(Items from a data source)

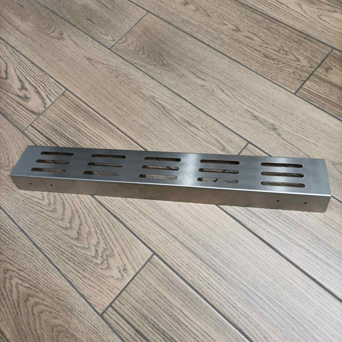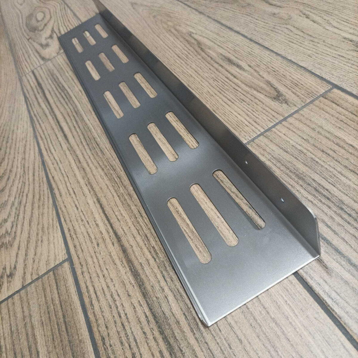 Полиця виготовлена з цільної товстостінної нержавіючої сталі (1.5 мм) — удвічі товстішої, ніж у стандартних моделей. Вона легко витримує навантаження та щоденне використання без втрати форми чи зовнішнього вигляду. Матовий фініш надає поверхні глибини й стриманого блиску, не залишаючи слідів пальців.
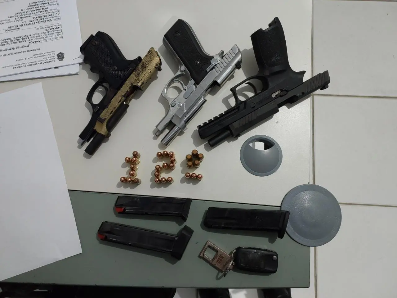 Foram apreendidas duas pistolas calibre 380 e uma pistola calibre Ponto 40 (com o brasão da PMCE), todas com carregador; mais um carregador de calibre 380; 22 munições de calibre 380; e outras 5 munições de calibre Ponto 40.
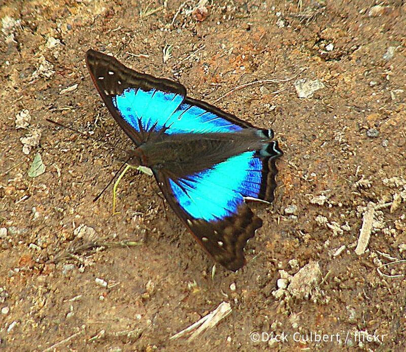 我没有办法离大蓝闪蝶太近,他们很警觉。所以也没有办法看到他们翅膀上的鳞片。巨嘴鸟还笑我,说就算离近了也看不到的,那些鳞片太小了,小到很难看清。
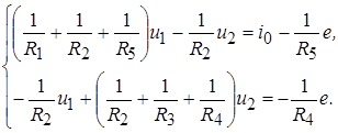 Подставим теперь значения токов в исходную систему уравнений 1, 2, 3. После приведения подобных членов и переноса известных величин в правую часть получим систему уравнений для искомых узловых напряжений или систему узловых уравнений цепи:
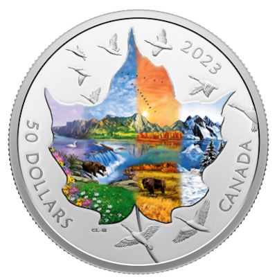 Wer bemerkt, dass das Ahornblatt auf dem Motiv der Silbermünze anders aussieht als gewohnt, hat völlig recht. Als Vorbild diente diesmal ein Blatt des Schwarzahorns (acer nigrum). Durch die im Vergleich zum Zuckerahorn weniger ausgeprägten Einkerbungen ist die Fläche für das kolorierte Motiv größer. Umrahmt ist das Blatt von einem Schwarm Kanadagänse, die ebenfalls Boten des Jahreszeitenwechsels sind. Das Innere des Blattes zeigt eine Kollage mit vier Teilen: links die Blütenwiesen des Frühlings mit einem Schwan, der übers Wasser gleitet, daneben das üppige Grün des Sommers mit einem Grizzly auf der Jagd nach Fisch, dann die rot-goldenen Farben des Herbstes, in die sich perfekt ein weidender Bison einfügt, und schließlich die Schneelandschaften des Winters mit einem gut getarnten Polarfuchs.
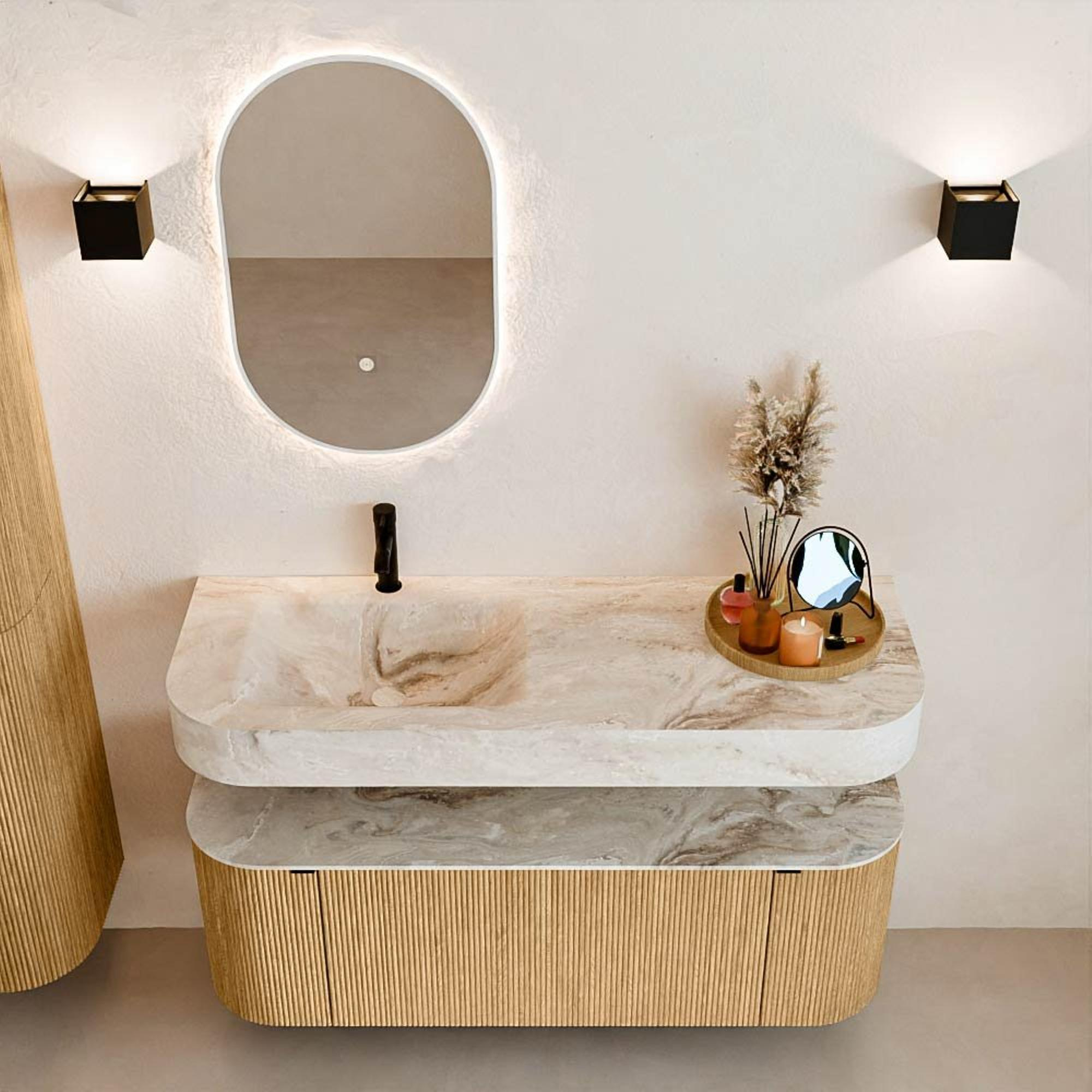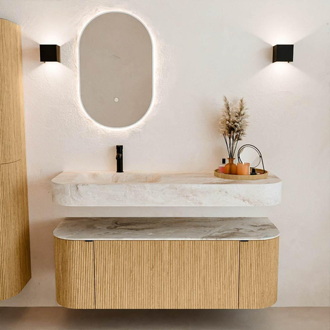 Matériaux naturels dans des tons chauds. Les cannelures verticales apportent rythme et texture au design, tandis que le chêne confère une apparence chaleureuse et artisanale. Choisissez parmi 5 teintes de bois OAK, WALNUT, DUSK, SHADOW et RUBY, des couleurs de bois soigneusement sélectionnées pour enrichir les salles de bains modernes et classiques.
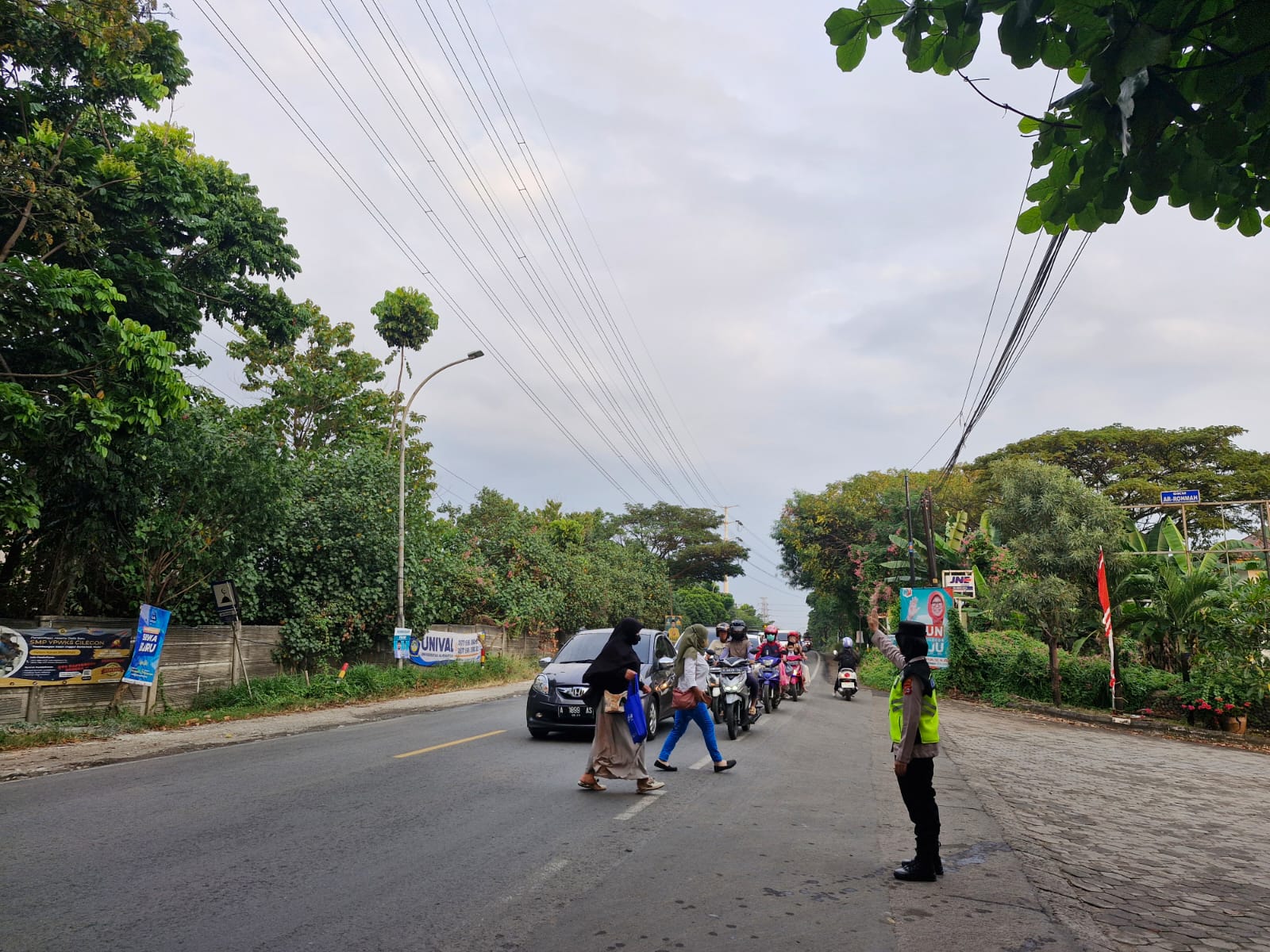 Polres Cilegon, Aipda Emi Prasetyo melaksanakan kegiatan pengaturan arus lalu
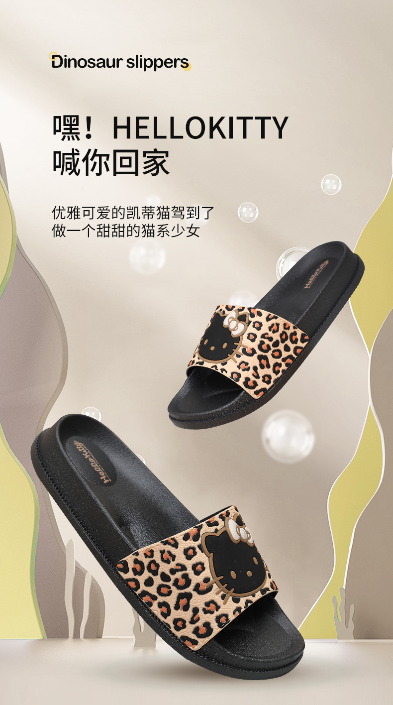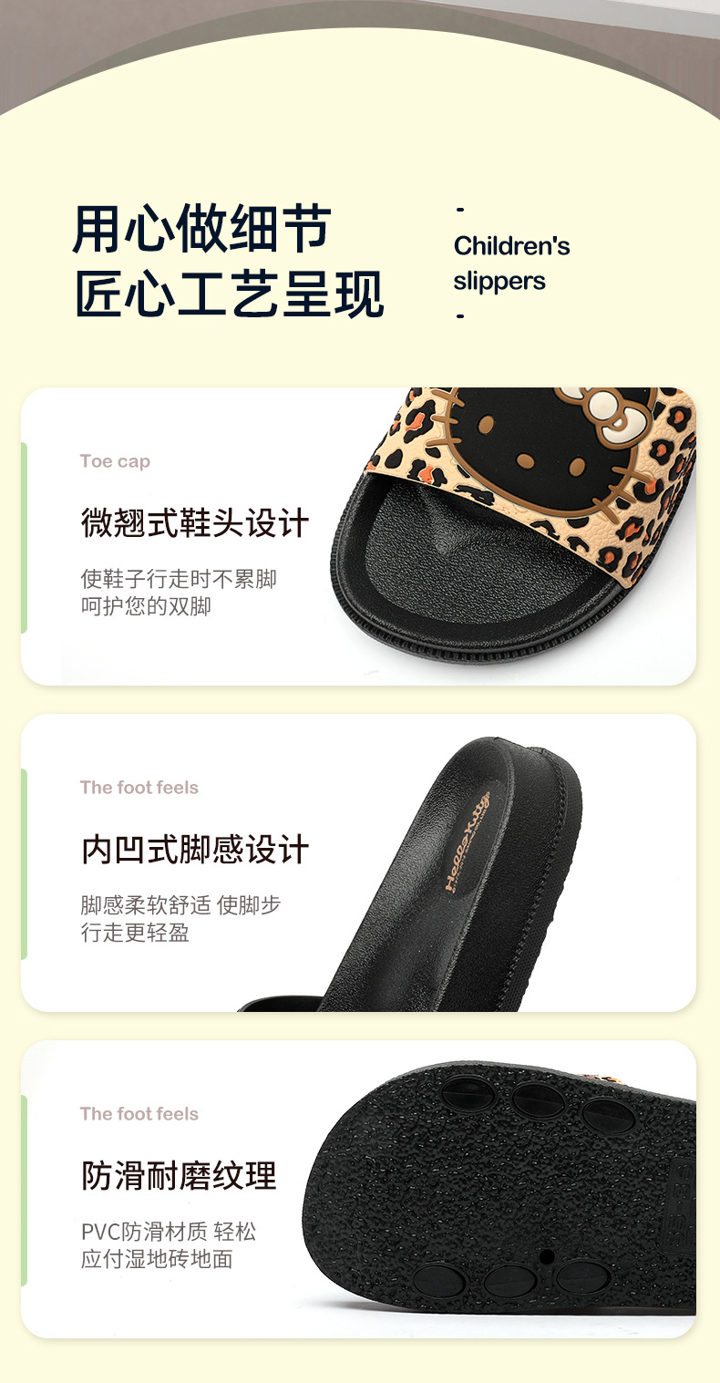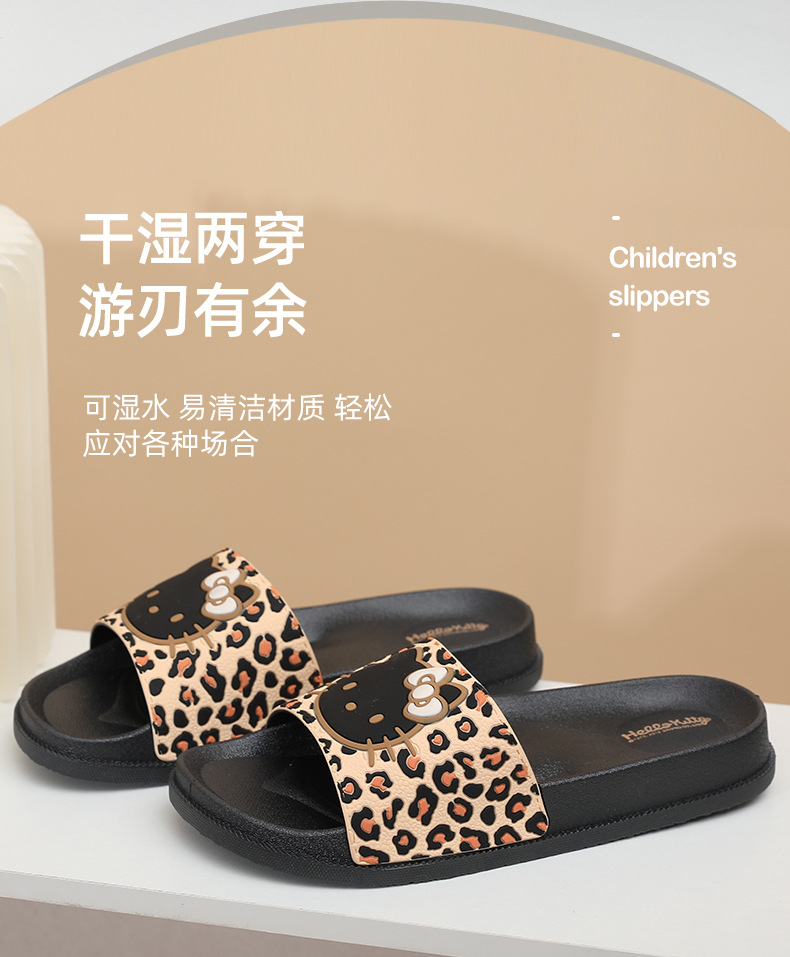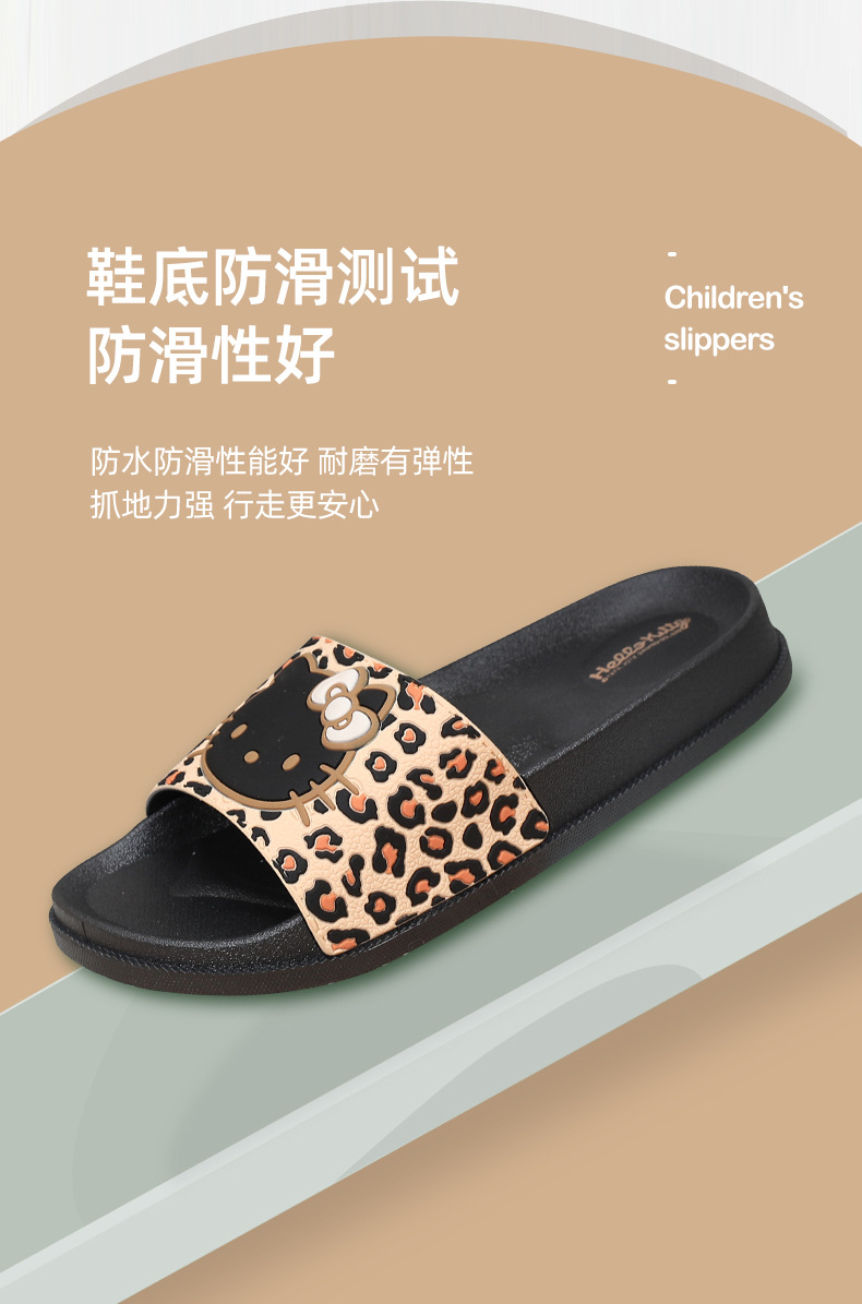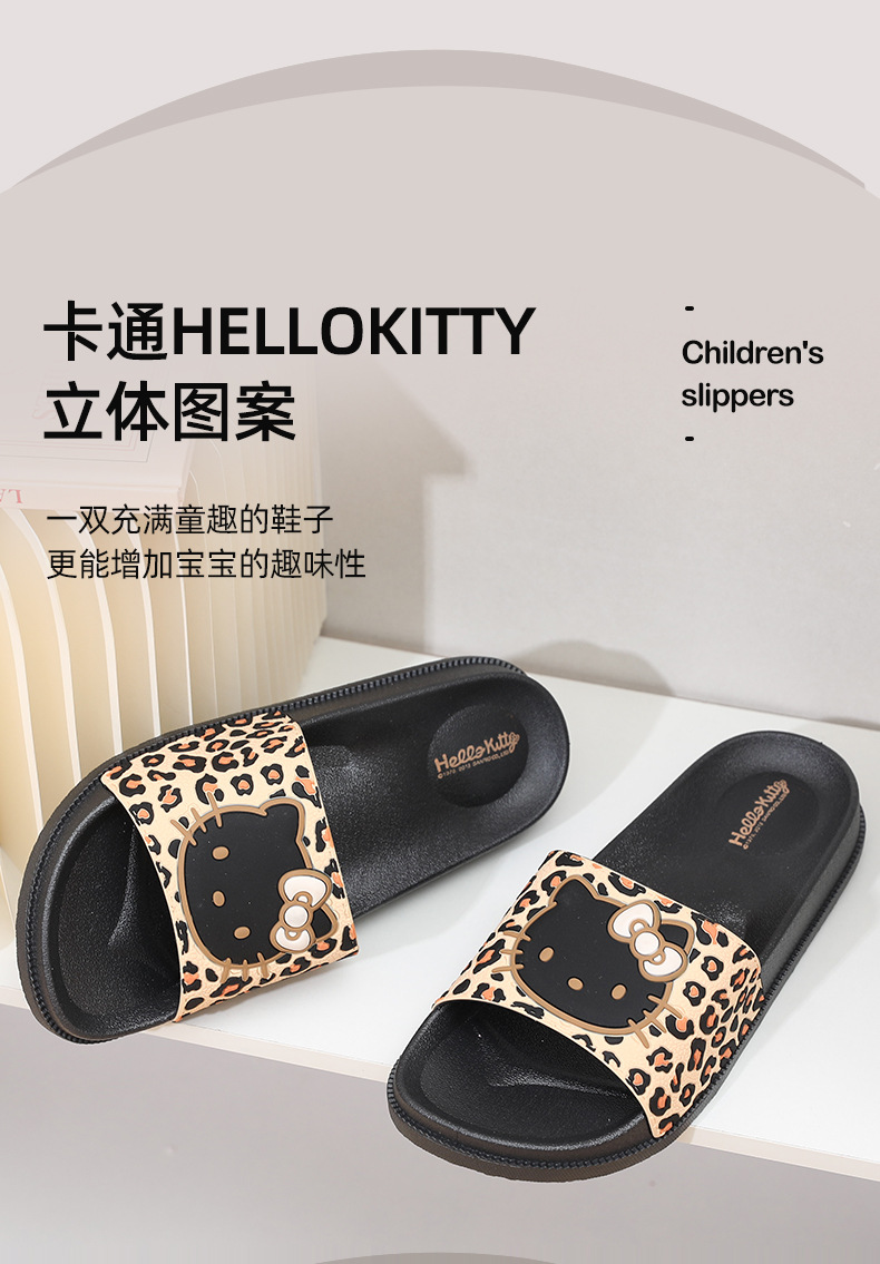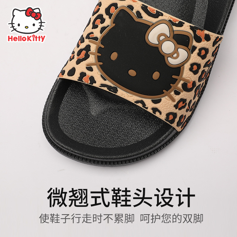 Hellokitty 맞춤형 틈새 대비 색상 레오파드 무늬 만화 플랫 슬리퍼 소녀의 여름 집 미끄럼 방지 겉옷
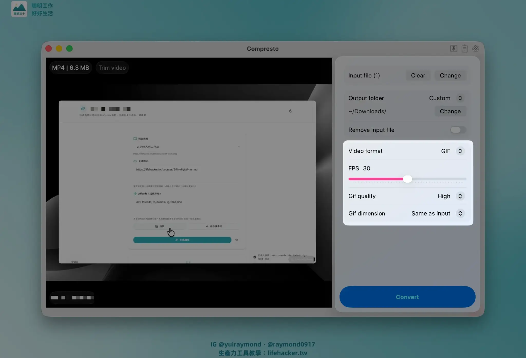 Compresto 還內建了影片轉 GIF 的功能,使用者可以輕鬆截取影片片段,轉換為適合在社群媒體、即時通訊中傳播的 GIF 動圖。
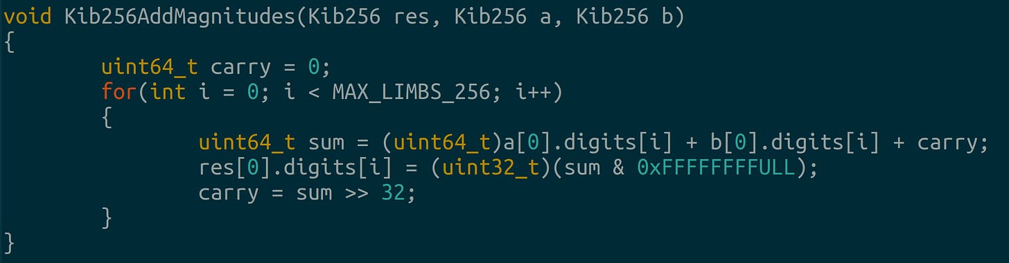 Then we write a pretty simple addition function that carries in an unsigned 64 bit data type.
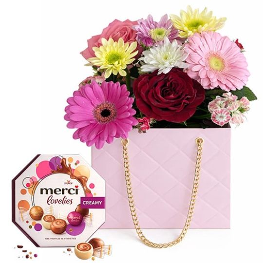 Un cadeau élégant qui fait toujours plaisir Un magnifique bouquet de fleurs présenté dans un sac rose chic avec une chaîne dorée ✨ Parfait pour offrir à une personne spéciale : anniversaire, surprise ou simplement pour faire plaisir Largeur 15CM Longueur 18CM
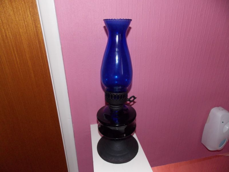 BLUE GLASS OIL LAMP
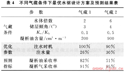 通過(guò)上述對(duì)凝析氣藏不同的注水方案結(jié)果進(jìn)行的統(tǒng)計(jì)分析,明確了不同參數(shù)和因素對(duì)于凝析氣藏注水開(kāi)發(fā)效果的影響。之后可以得出不同條件下的凝析氣藏注水開(kāi)發(fā)的最優(yōu)方案,并對(duì)其凝析油氣的采收率進(jìn)行預(yù)測(cè)。筆者以兩種不同條件下的凝析氣藏為例,給出了最優(yōu)注水開(kāi)發(fā)方案的設(shè)計(jì)參數(shù)及預(yù)測(cè)指標(biāo)(表4)。
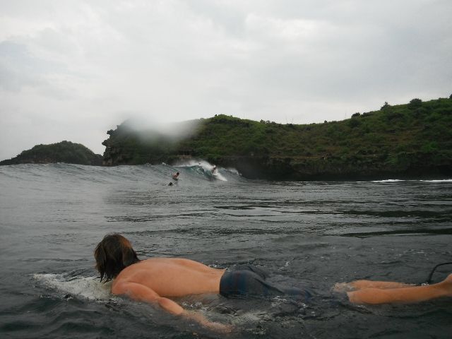 The three of us paddle out together. We’re expecting that the trio who are out there are going to be pissed. Instead, the British dude welcomes us, says that it’s not so bad on the sets. And just like that, with the tide going lower, we hit a window.

• To do: Take the entries above and copy exactly the lines starting at the one with "Polres Cilegon, Aipda" and ending at the one with "BLUE GLASS OIL LAMP"; nothing outside that span, and no pictures.

• Result of this exercise:
 Polres Cilegon, Aipda Emi Prasetyo melaksanakan kegiatan pengaturan arus lalu
 Hellokitty 맞춤형 틈새 대비 색상 레오파드 무늬 만화 플랫 슬리퍼 소녀의 여름 집 미끄럼 방지 겉옷
 Compresto 還內建了影片轉 GIF 的功能,使用者可以輕鬆截取影片片段,轉換為適合在社群媒體、即時通訊中傳播的 GIF 動圖。
 Then we write a pretty simple addition function that carries in an unsigned 64 bit data type.
 Un cadeau élégant qui fait toujours plaisir Un magnifique bouquet de fleurs présenté dans un sac rose chic avec une chaîne dorée ✨ Parfait pour offrir à une personne spéciale : anniversaire, surprise ou simplement pour faire plaisir Largeur 15CM Longueur 18CM
 BLUE GLASS OIL LAMP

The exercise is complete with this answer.